*Task to complete*:
Nothing but the lines below from the one that contains "JUGEMテーマ:DIY ちょっとした玄関のDIY第三弾 天井に小鳥の止まり木を作りました" through the one that contains "The uniform of" should be retyped, exactly and including both ends. Do not include pictures.

*Records provided*:
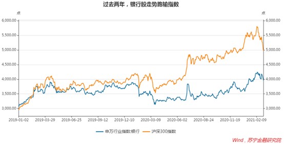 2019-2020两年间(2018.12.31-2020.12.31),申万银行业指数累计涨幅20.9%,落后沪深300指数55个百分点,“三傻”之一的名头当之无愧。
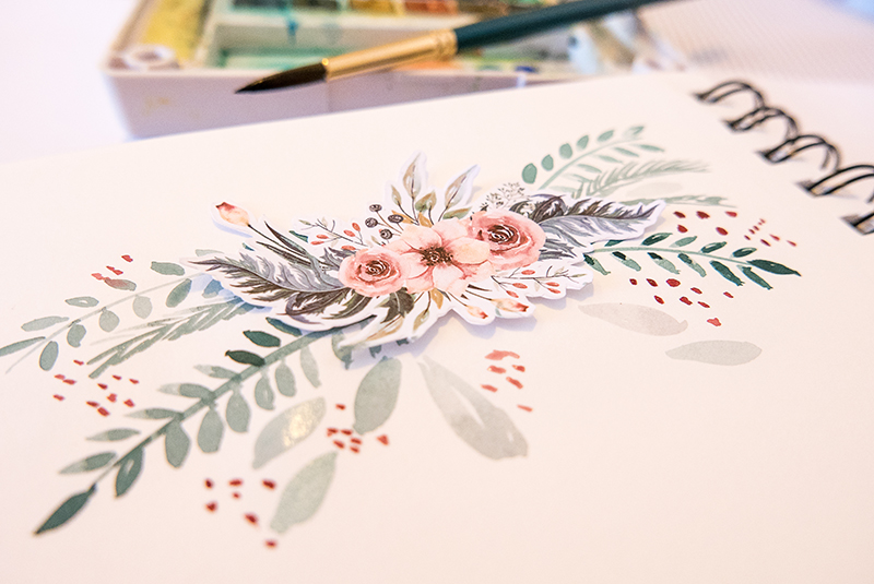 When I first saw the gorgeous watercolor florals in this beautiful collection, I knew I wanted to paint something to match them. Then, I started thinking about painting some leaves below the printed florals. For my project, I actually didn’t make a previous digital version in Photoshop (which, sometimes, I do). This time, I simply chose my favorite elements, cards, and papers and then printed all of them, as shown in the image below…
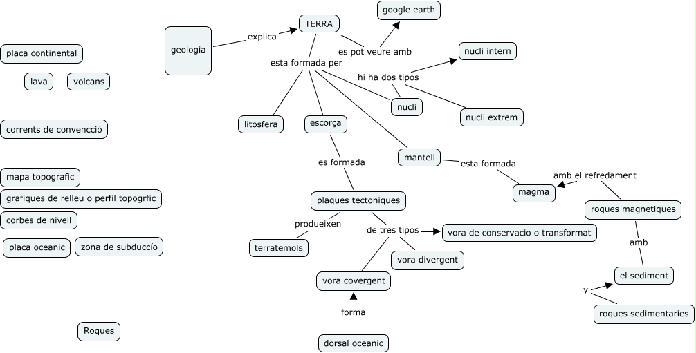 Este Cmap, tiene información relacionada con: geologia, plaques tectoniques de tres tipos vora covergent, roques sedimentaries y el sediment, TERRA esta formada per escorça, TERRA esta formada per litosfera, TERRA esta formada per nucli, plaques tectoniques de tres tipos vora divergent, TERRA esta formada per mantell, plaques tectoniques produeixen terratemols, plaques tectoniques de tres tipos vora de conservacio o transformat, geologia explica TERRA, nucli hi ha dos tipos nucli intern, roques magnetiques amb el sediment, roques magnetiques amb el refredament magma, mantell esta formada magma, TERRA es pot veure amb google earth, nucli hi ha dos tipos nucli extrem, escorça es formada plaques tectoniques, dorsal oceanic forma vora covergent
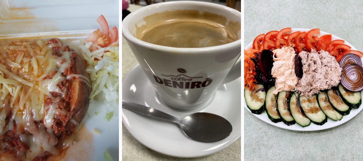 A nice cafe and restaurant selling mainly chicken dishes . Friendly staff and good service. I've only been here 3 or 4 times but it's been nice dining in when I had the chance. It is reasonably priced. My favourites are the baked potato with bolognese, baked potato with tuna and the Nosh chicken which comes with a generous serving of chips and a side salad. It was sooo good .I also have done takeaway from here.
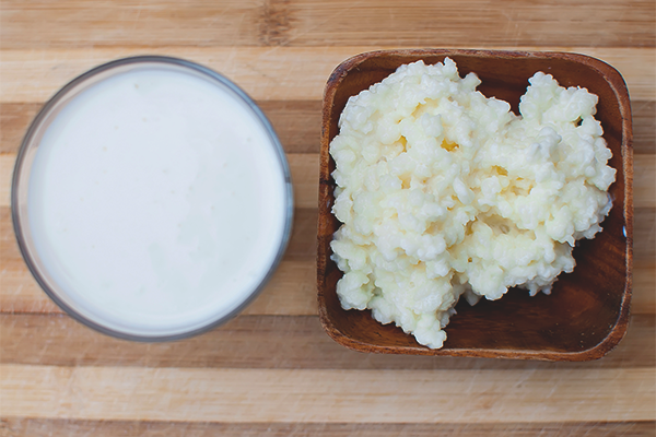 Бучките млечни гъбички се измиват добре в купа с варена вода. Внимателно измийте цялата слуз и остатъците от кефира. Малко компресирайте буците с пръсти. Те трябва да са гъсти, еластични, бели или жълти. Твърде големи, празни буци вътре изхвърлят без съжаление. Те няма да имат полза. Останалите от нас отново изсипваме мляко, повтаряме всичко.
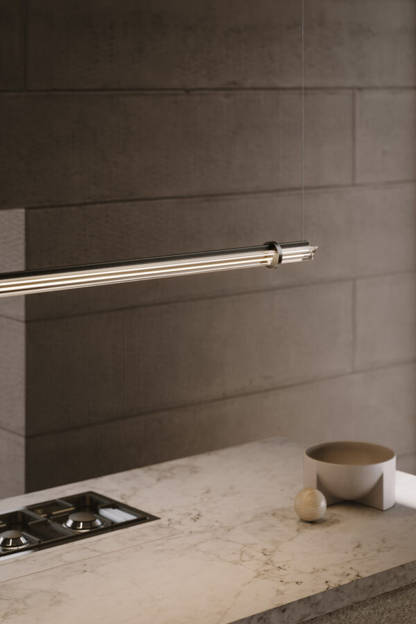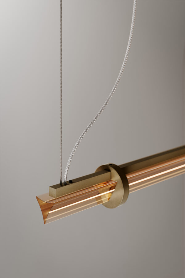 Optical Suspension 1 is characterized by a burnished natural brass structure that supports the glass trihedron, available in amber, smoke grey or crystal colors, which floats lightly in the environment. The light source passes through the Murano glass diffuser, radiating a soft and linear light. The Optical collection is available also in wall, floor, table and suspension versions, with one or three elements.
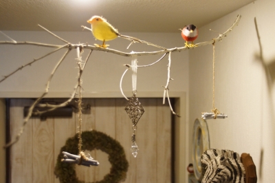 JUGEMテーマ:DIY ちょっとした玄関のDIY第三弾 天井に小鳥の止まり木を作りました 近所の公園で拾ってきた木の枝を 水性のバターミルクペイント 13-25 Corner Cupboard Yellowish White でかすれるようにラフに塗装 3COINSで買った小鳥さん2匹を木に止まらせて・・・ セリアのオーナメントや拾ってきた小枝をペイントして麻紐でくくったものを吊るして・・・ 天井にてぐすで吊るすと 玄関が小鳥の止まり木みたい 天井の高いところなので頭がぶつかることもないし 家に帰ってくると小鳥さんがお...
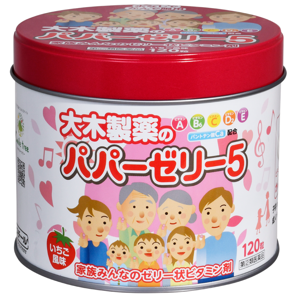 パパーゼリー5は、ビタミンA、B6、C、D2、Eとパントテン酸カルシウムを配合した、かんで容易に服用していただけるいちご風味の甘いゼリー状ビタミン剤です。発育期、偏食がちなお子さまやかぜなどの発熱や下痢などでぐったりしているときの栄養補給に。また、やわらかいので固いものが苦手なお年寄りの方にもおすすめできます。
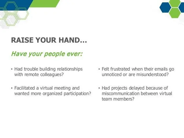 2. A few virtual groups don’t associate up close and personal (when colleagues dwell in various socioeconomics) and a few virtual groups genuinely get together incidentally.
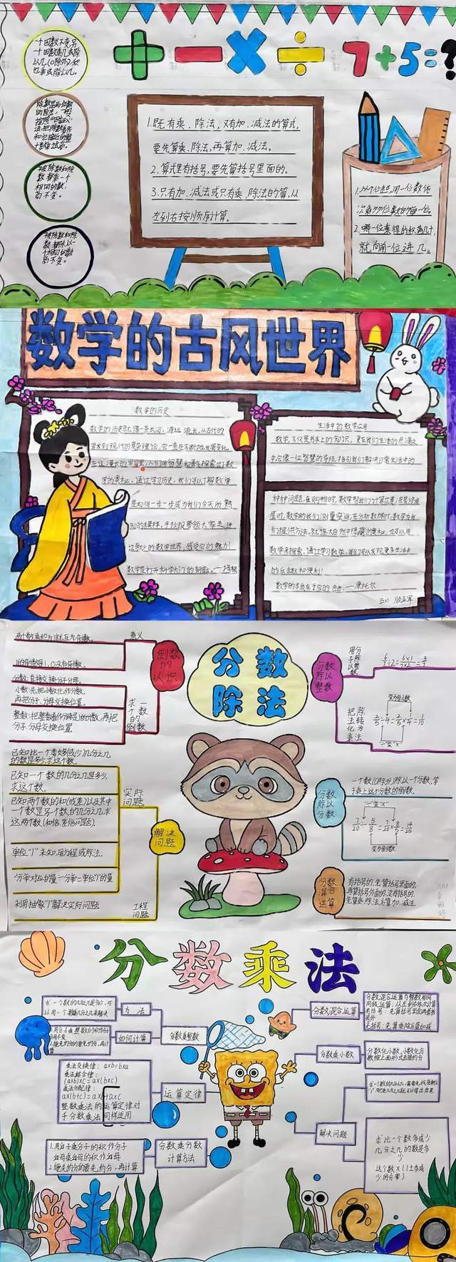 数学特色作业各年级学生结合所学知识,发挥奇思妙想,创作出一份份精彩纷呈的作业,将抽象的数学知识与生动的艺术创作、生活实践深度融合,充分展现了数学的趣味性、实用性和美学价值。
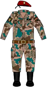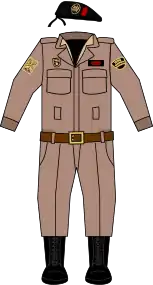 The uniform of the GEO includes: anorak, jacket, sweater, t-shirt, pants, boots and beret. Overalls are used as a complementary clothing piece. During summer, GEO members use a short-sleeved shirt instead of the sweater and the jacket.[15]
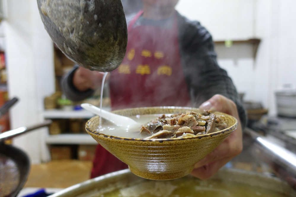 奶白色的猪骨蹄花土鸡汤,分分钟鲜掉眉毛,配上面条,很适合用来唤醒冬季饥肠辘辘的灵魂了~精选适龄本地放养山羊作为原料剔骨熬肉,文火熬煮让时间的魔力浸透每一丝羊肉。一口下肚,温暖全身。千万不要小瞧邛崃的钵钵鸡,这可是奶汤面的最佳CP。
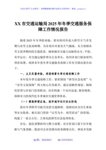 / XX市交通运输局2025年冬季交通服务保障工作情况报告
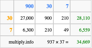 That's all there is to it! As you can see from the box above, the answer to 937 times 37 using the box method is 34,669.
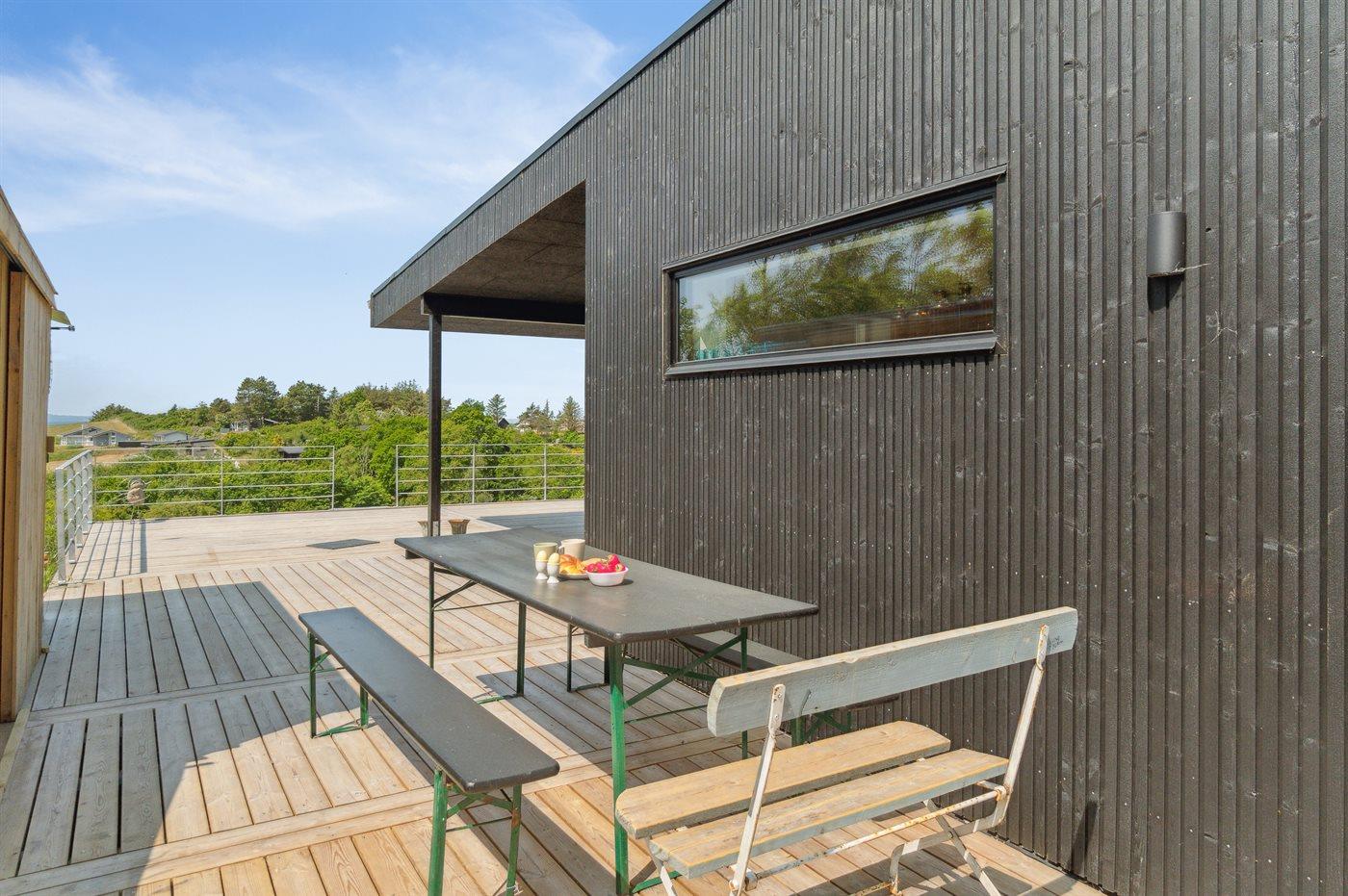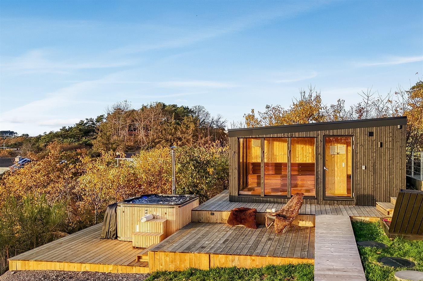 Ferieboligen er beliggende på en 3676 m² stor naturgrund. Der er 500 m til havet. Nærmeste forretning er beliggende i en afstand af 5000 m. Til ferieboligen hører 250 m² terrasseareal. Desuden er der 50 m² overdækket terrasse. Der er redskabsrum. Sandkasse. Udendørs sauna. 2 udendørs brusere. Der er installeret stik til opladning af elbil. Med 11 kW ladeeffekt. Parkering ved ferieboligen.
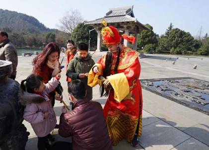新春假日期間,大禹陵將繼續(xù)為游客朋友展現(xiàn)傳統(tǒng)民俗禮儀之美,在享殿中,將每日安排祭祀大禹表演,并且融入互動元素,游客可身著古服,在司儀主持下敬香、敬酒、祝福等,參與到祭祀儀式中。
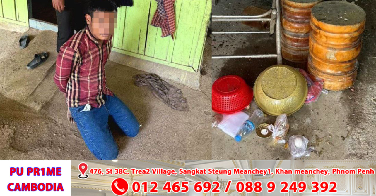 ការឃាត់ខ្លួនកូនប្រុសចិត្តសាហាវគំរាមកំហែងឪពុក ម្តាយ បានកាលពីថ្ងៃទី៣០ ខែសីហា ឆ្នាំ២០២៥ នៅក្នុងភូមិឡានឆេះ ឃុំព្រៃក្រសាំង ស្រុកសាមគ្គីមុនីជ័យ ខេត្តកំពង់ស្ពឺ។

*Task output*:
 JUGEMテーマ:DIY ちょっとした玄関のDIY第三弾 天井に小鳥の止まり木を作りました 近所の公園で拾ってきた木の枝を 水性のバターミルクペイント 13-25 Corner Cupboard Yellowish White でかすれるようにラフに塗装 3COINSで買った小鳥さん2匹を木に止まらせて・・・ セリアのオーナメントや拾ってきた小枝をペイントして麻紐でくくったものを吊るして・・・ 天井にてぐすで吊るすと 玄関が小鳥の止まり木みたい 天井の高いところなので頭がぶつかることもないし 家に帰ってくると小鳥さんがお...
 パパーゼリー5は、ビタミンA、B6、C、D2、Eとパントテン酸カルシウムを配合した、かんで容易に服用していただけるいちご風味の甘いゼリー状ビタミン剤です。発育期、偏食がちなお子さまやかぜなどの発熱や下痢などでぐったりしているときの栄養補給に。また、やわらかいので固いものが苦手なお年寄りの方にもおすすめできます。
 2. A few virtual groups don’t associate up close and personal (when colleagues dwell in various socioeconomics) and a few virtual groups genuinely get together incidentally.
 数学特色作业各年级学生结合所学知识,发挥奇思妙想,创作出一份份精彩纷呈的作业,将抽象的数学知识与生动的艺术创作、生活实践深度融合,充分展现了数学的趣味性、实用性和美学价值。
 The uniform of the GEO includes: anorak, jacket, sweater, t-shirt, pants, boots and beret. Overalls are used as a complementary clothing piece. During summer, GEO members use a short-sleeved shirt instead of the sweater and the jacket.[15]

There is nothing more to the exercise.